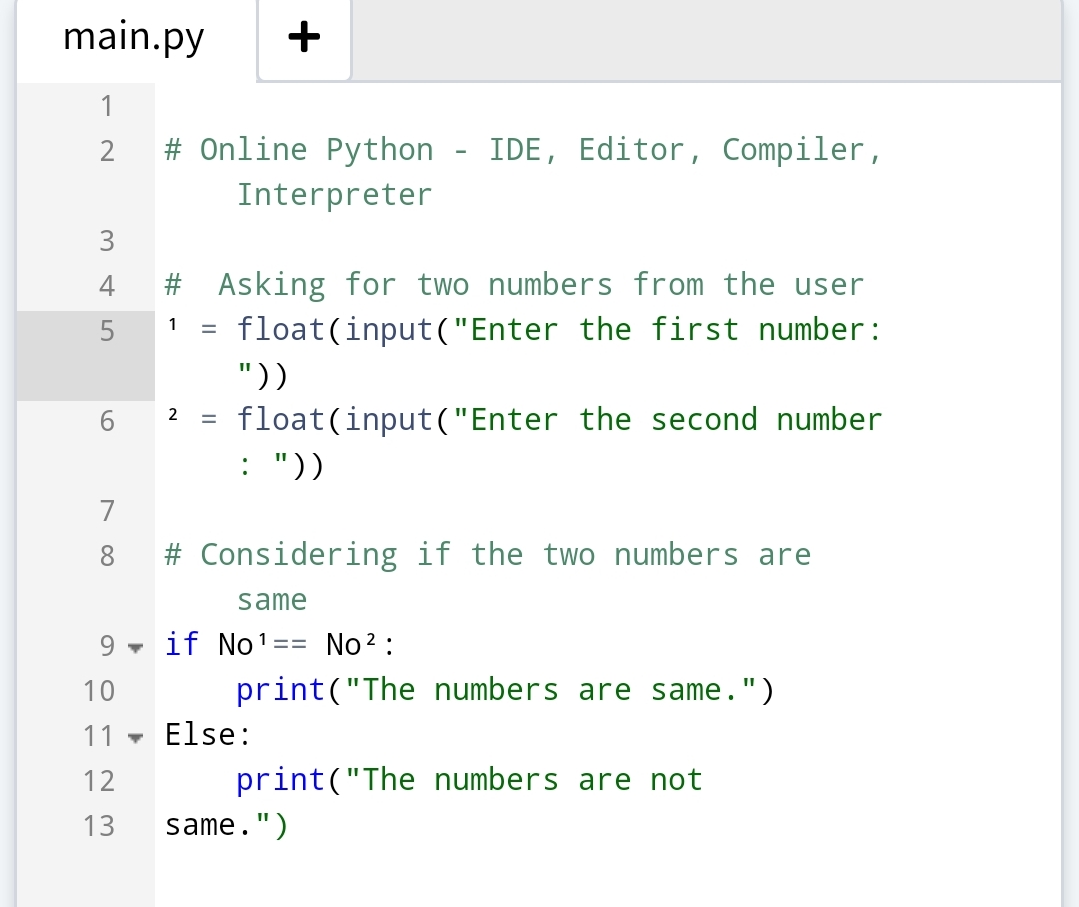 The following Is an example Python program. The program will request two numbers .It will then verify they are the same.
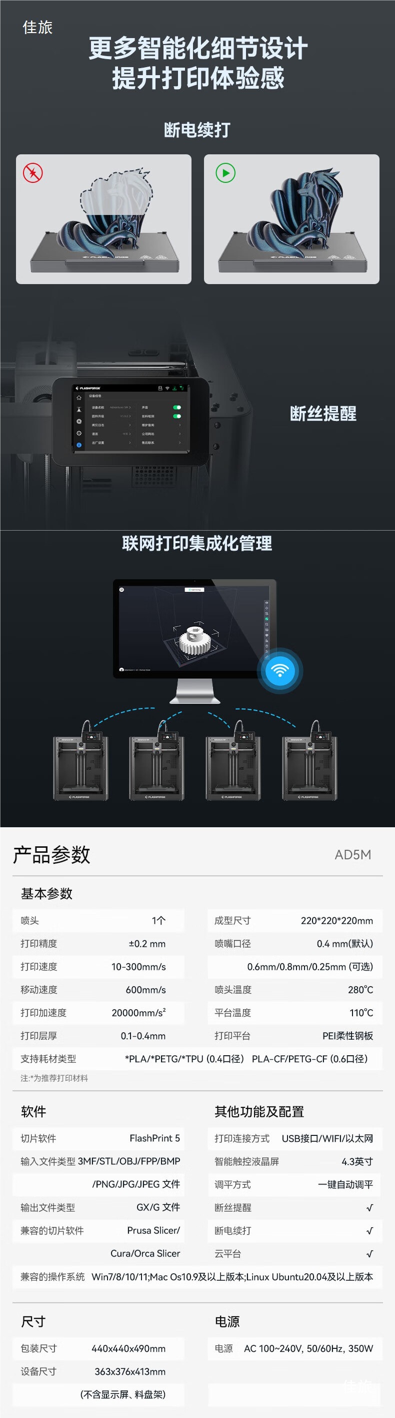 3D принтер Ad5M, высокоскоростной, большой размер, полностью автоматическая настройка, настольный FDM
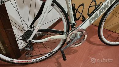 Parkpre RS99 vendo per che ho comprato nuova bici componenti Ultegra 10S freni Shimano 600 movimento centrale Dura Ace manubrio FSA carbonio gome Continental 5000 taglia 56" poco regolabile con tubo unico di telaio questo telaio prezzo di uscita costava. 32000€.
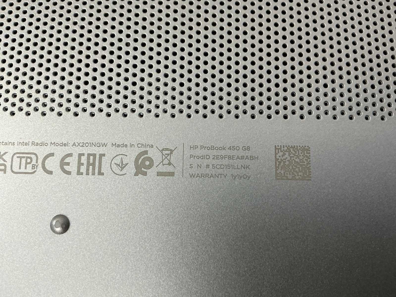 Merk: HP Type: HP ProBook 450 G8 Notebook PC Serienummer: 5CD151LLNK Processor type: 11th Gen Intel(R) Core(TM) i5-1135G7 @ 2.40GHz,x86_64 @ 4.2GHz, logical CPUs: 8, Speed: 4200MHz RAM Geheugen Type: 16GB Type datadrager: SSD/NVME 256.1GB
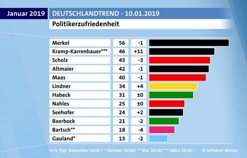 Se poi attendono, i nostri pseudo-governanti, le elezioni di maggio che cambieranno la faccia dell’Europa, è meglio che guardino i sondaggi tedeschi: la Merkel, dopo 14 anni di potere logorante, resta la personalità preferita dai tedeschi. Il 60 per cento di loro la amano e la vogliono ancora. E al secondo posto? guardate, c’è la sua delfina, la KK. Che piace ogni giorno di più.
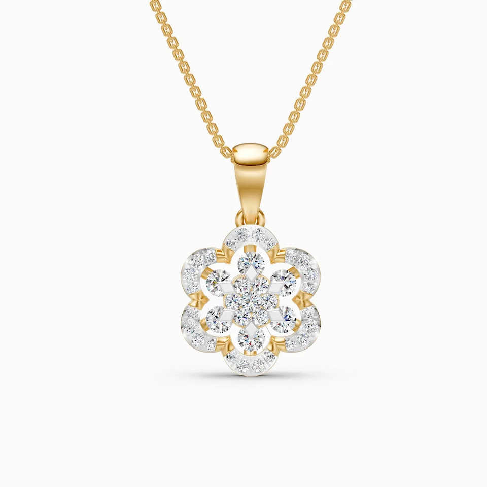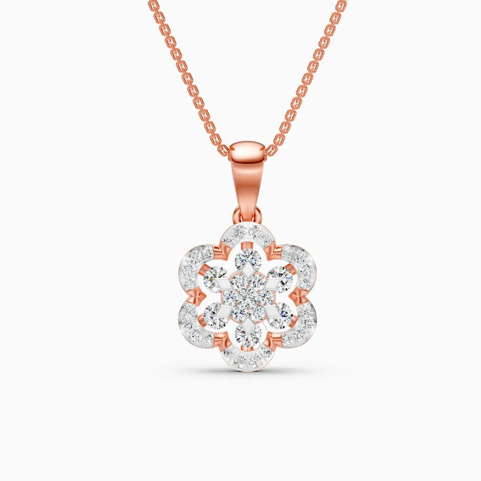 Colgante de diamante cultivado en laboratorio con diseño floral de 0.68 quilates en oro amarillo, blanco y rosa de 9 quilates
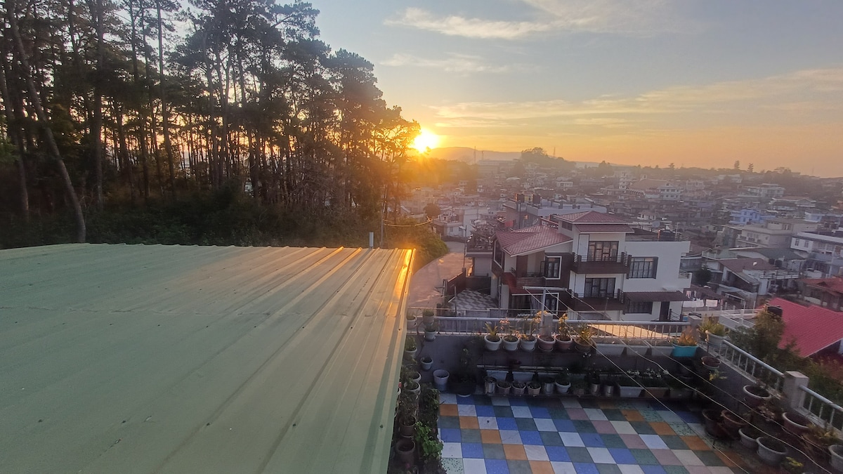 入住山頂民宿,體驗當地人的生活。 兼具兩者優點: 1.位於市區範圍內 2.四周綠意盎然 它位於安靜的位置,溫馨、私密、安全和乾淨。 景觀迷人,俯瞰城市,可欣賞日出和日落的美景! 這個地方非常適合那些想放鬆身心的人,同時距離繁忙的區域不遠! 距離警察市集- 8公里 距離Laitumkhrah - 4.5公里
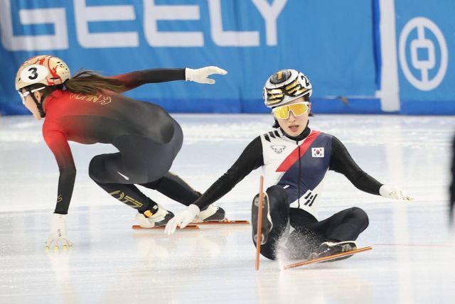 9일(현지시간) 중국 헤이룽장성 하얼빈 빙상훈련센터 다목적홀에서 열린 하얼빈 동계아시안게임 여자 쇼트트랙 3,000m 계주 결승에서 대한민국 김길리가 넘어지고 있다. 김건희, 김길리, 이소연, 최민정이 나선 대표팀은 4위를 차지했다 / 뉴스1
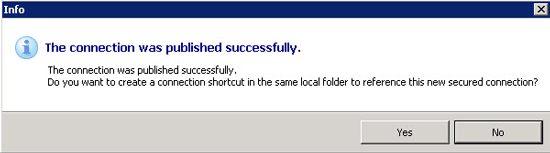 18. Now you are asked whether you wish to create a shortcut for the connection (Figure 15). Click the Yes button, as the shortcut is needed for the next steps.
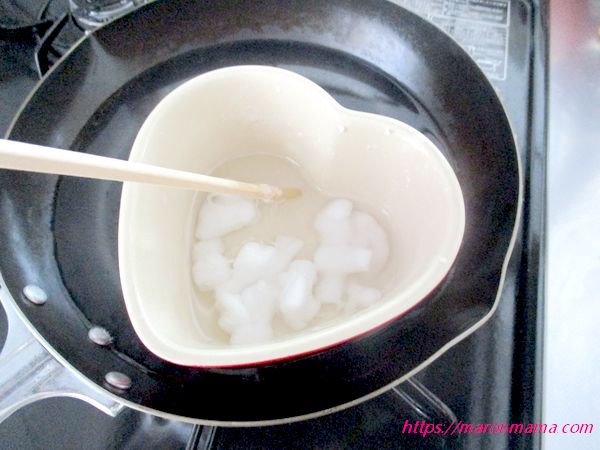 6、ろうそくを湯銭で溶かします。
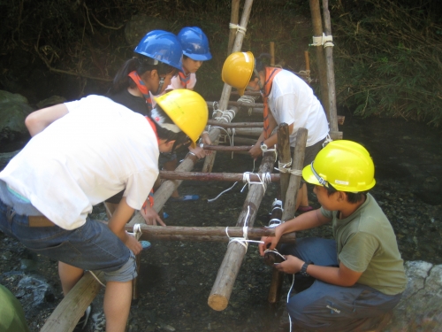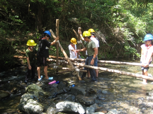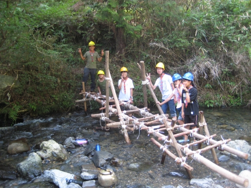 ボーイ隊 橋を架ける!ハヤブサの巻 タグ:キャンプ 2019-08-11 23:00:00 ハヤブサ班は2級スカウト3名がミーティングをこなして設計図、ミニチュア模型を作成。班集会でも班内で事前訓練をおこない準備を進めました。現地では若干の設計変更はおこなったものの、ほぼ設計通りの橋を完成。時間はギリギリで夕方4時までフルに使いましたが、立派なものです。コブラより距離がある分、途中でねじれたり、不安がある出来でしたが、その後強化をほどこして安定しました。強度はコブラに劣るものの、長い橋をほぼ設計通りに完成させたのは素晴らしいです。橋の長さは6m。
━━━
» **What the task asks**: Skipping all images, output the listing exactly.

» **Finished exercise**:
 The following Is an example Python program. The program will request two numbers .It will then verify they are the same.
 3D принтер Ad5M, высокоскоростной, большой размер, полностью автоматическая настройка, настольный FDM
 Parkpre RS99 vendo per che ho comprato nuova bici componenti Ultegra 10S freni Shimano 600 movimento centrale Dura Ace manubrio FSA carbonio gome Continental 5000 taglia 56" poco regolabile con tubo unico di telaio questo telaio prezzo di uscita costava. 32000€.
 Merk: HP Type: HP ProBook 450 G8 Notebook PC Serienummer: 5CD151LLNK Processor type: 11th Gen Intel(R) Core(TM) i5-1135G7 @ 2.40GHz,x86_64 @ 4.2GHz, logical CPUs: 8, Speed: 4200MHz RAM Geheugen Type: 16GB Type datadrager: SSD/NVME 256.1GB
 Se poi attendono, i nostri pseudo-governanti, le elezioni di maggio che cambieranno la faccia dell’Europa, è meglio che guardino i sondaggi tedeschi: la Merkel, dopo 14 anni di potere logorante, resta la personalità preferita dai tedeschi. Il 60 per cento di loro la amano e la vogliono ancora. E al secondo posto? guardate, c’è la sua delfina, la KK. Che piace ogni giorno di più.
 Colgante de diamante cultivado en laboratorio con diseño floral de 0.68 quilates en oro amarillo, blanco y rosa de 9 quilates
 入住山頂民宿,體驗當地人的生活。 兼具兩者優點: 1.位於市區範圍內 2.四周綠意盎然 它位於安靜的位置,溫馨、私密、安全和乾淨。 景觀迷人,俯瞰城市,可欣賞日出和日落的美景! 這個地方非常適合那些想放鬆身心的人,同時距離繁忙的區域不遠! 距離警察市集- 8公里 距離Laitumkhrah - 4.5公里
 9일(현지시간) 중국 헤이룽장성 하얼빈 빙상훈련센터 다목적홀에서 열린 하얼빈 동계아시안게임 여자 쇼트트랙 3,000m 계주 결승에서 대한민국 김길리가 넘어지고 있다. 김건희, 김길리, 이소연, 최민정이 나선 대표팀은 4위를 차지했다 / 뉴스1
 18. Now you are asked whether you wish to create a shortcut for the connection (Figure 15). Click the Yes button, as the shortcut is needed for the next steps.
 6、ろうそくを湯銭で溶かします。
 ボーイ隊 橋を架ける!ハヤブサの巻 タグ:キャンプ 2019-08-11 23:00:00 ハヤブサ班は2級スカウト3名がミーティングをこなして設計図、ミニチュア模型を作成。班集会でも班内で事前訓練をおこない準備を進めました。現地では若干の設計変更はおこなったものの、ほぼ設計通りの橋を完成。時間はギリギリで夕方4時までフルに使いましたが、立派なものです。コブラより距離がある分、途中でねじれたり、不安がある出来でしたが、その後強化をほどこして安定しました。強度はコブラに劣るものの、長い橋をほぼ設計通りに完成させたのは素晴らしいです。橋の長さは6m。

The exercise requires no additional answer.